Safe at home but ready to go into labor any minute, Bob’s wife, Marilyn told me how she stood at the rear window of her home that night and watched whole trees, logs and all kinds of debris float down the raging and rising San Lorenzo River. Their baby, Michael, was born at 6:00 a.m. the following morning. He was known as the “Flood Baby”.

Capt. Ed Note: Bob told me he serviced Capt. Ed’s refrigeration system in 1953/54. At that time there was a pre-WW2 steel corrugated structure at Capt. Ed’s that was used as a dining hall at the Felton Grove boy’s camp. It was about the size of a double garage. All was washed away in the 1955 flood.

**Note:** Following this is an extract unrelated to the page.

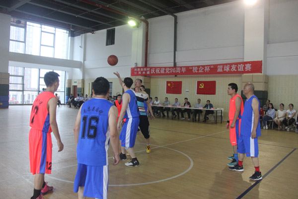 為慶祝建黨96周年,促進稅企之間的友誼,活躍和豐富雙方職工的文化娛樂生活。近日,由南昌縣國稅局與我公司聯合舉辦的“慶祝建黨96周年稅企杯籃球友誼賽”在江鈴國際室內籃球館圓滿落幕。出席本次比賽的嘉賓領導主要有南昌縣國稅局黨組書記、局長萬日新,黨組成員、副局長王一平,黨組成員、紀檢組長宗震宇,江西江鈴進出口有限責任公司黨委書記郭任遠,江西省水利水電建設有限公司董事長王元旦,黨委書記王延軍,工會主席史偉等。

During this delightful interview, Bob and Marilyn offered a few additional tidbits about Felton history that I couldn’t resist including here:

Tidbit #1 – Home Plate: Home plate from one of the old Felton ball fields was donated to the Felton Fire Dept. by Bill Wright and is now one of the cornerstones at the concrete apron at the corner of the current Firehouse building that fronts on Hihn St.

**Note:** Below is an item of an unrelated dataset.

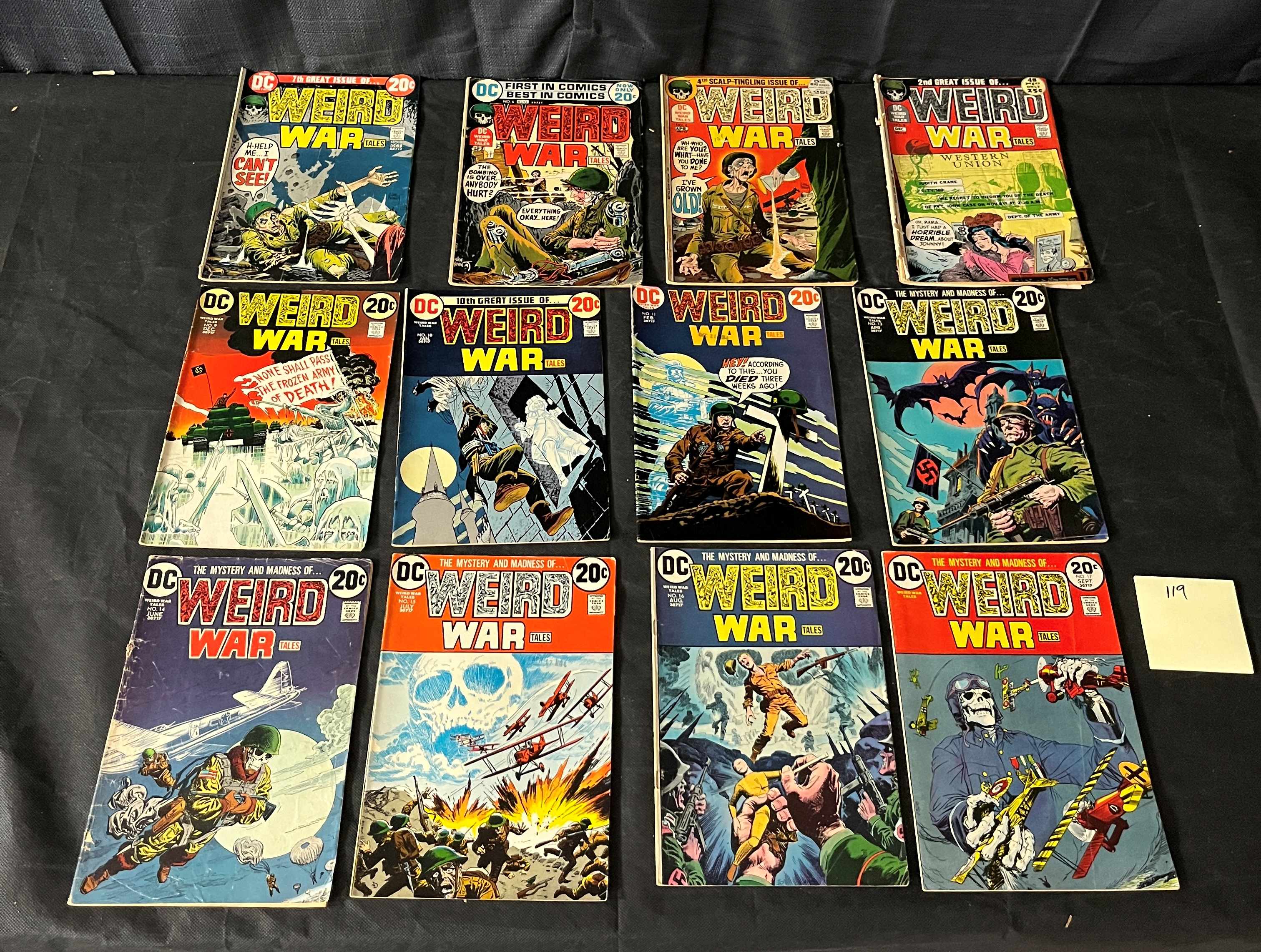 A collection of 12 vintage American comic books from the ‘Weird War Tales’ series, published by DC Comics. Dating primarily from the early 1970s, these comics feature a distinct Bronze Age art style, depicting war-themed stories often infused with horror and supernatural elements. Each cover prominently displays the ‘DC’ logo, the series title ‘WEIRD WAR TALES, ‘ a 20-cent price, and various issue numbers including 1, 2, 4, 9, 10, 11, 14, 15, 16, and 17. Dramatic English blurbs such as “H-HELP ME… I CAN’T SEE!”, “I’VE GROWN OLD!”, and “YOU DIED THREE WEEKS AGO!” are visible on the covers.

Tidbit #2 – Miller’s sold appliances to the man who owned several cabins on Covered Bridge Rd. in the 1950’s/60’s. This man was in the fireworks business in San Francisco. He would pay Bob and Marilyn what he owed in cash each year right after 4th of July.

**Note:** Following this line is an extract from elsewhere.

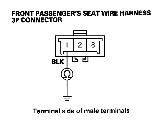 9. Measure the resistance between the No. 1 terminal of the front passenger's seat wire harness 3P connector and body ground. There should be 0-1 ohms.

Tidbit #3 – TV: Miller’s was the first to sell TV’s in the valley. With the help of a tree climber, Bob and his friend Al Hiley, would install antenna’s in tall redwood trees so customers could receive a signal from the new KSBW station (1953/54).  Bob, having the first TV reception in town, had several friends come over to watch the World Series.

Tidbit #4 – Felton Woodpeckers Baseball Team: There was another ball field which was at the entrance to Henry Cowell Park. Bob and Marilyn described how folks would watch the games from their cars and when someone scored a home run, everyone would honk their horns. To help support the team, someone would go around with a donation can, tapping on the car windows. You’d donate whatever you could afford.

About the Millers: Bob and Marilyn moved to Felton in 1953 and opened Miller’s Refrigeration and Appliance Service in Felton (where Heidi’s Closet is now). The store was in the front of the building and their small, 1 bedroom home was in the rear. As their family grew, they added on to the back of the house.

Final Note: (This is my favorite part and the reason I included the photo of Bob’s truck and store in this post.)  Bob and Marilyn had a 1951 Chevrolet they traded in for the 1949 Chevy truck plus $500 which they used to start their Felton business in 1953. (See photos)

Miller's Refrigeration and Appliance Service, 1950's Courtesy Miller Family.

Miller’s Refrigeration and Appliance Service, 1950’s Courtesy Miller Family.

Bob and Marilyn Miller 60th Wedding Anniversary Courtesy Miller Family

Bob and Marilyn Miller 60th Wedding Anniversary Courtesy Miller Family

This entry was posted in 1955 Flood, Baseball, Capt. Ed's Boyland, Dance Hall, Felton Grove History, Interviews, San Lorenzo River and tagged , , . Bookmark the permalink.

3 Responses to Interview: Bob and Marilyn Miller, 1955 Flood (and more)

  1. vickiwees says:

    These stories and the 2 photos are wonderful!

  2. Lawrence says:

    So I suppose most of the houses in the floodway were built after the 1955 flood?
    How was this ever allowed? I know the grove is a beautiful place, but it would have been better to leave it a campground. I think most of the bacteria in the San Lorenzo river (and Santa Cruz’s water supply) originates from the grove…

    It was a truly gorgeous campground!

  3. vickiwees says:

    Hi Lawrence, The Environmental Health Dept. has said that the San Lorenzo River is in large part polluted by septic systems (some faulty) along the river, creeks, streams and seasonal drainage/run-off paths that all feed into the river from Boulder Creek to Santa Cruz. The U.S. has many ocean, lake and riverfront developments in flood plains. Felton Grove has been restricted from further development for many years. Fortunately, improved septic systems are now being installed locally in our sensitive areas.
    The 1955 flood was the worst on record. I’ve heard it was called a “100 year flood”. The smaller floods were easier to recover from and some homes were built a few feet above ground level so flood problems were not as severe.
    You’re right. It was a truly gorgeous campground.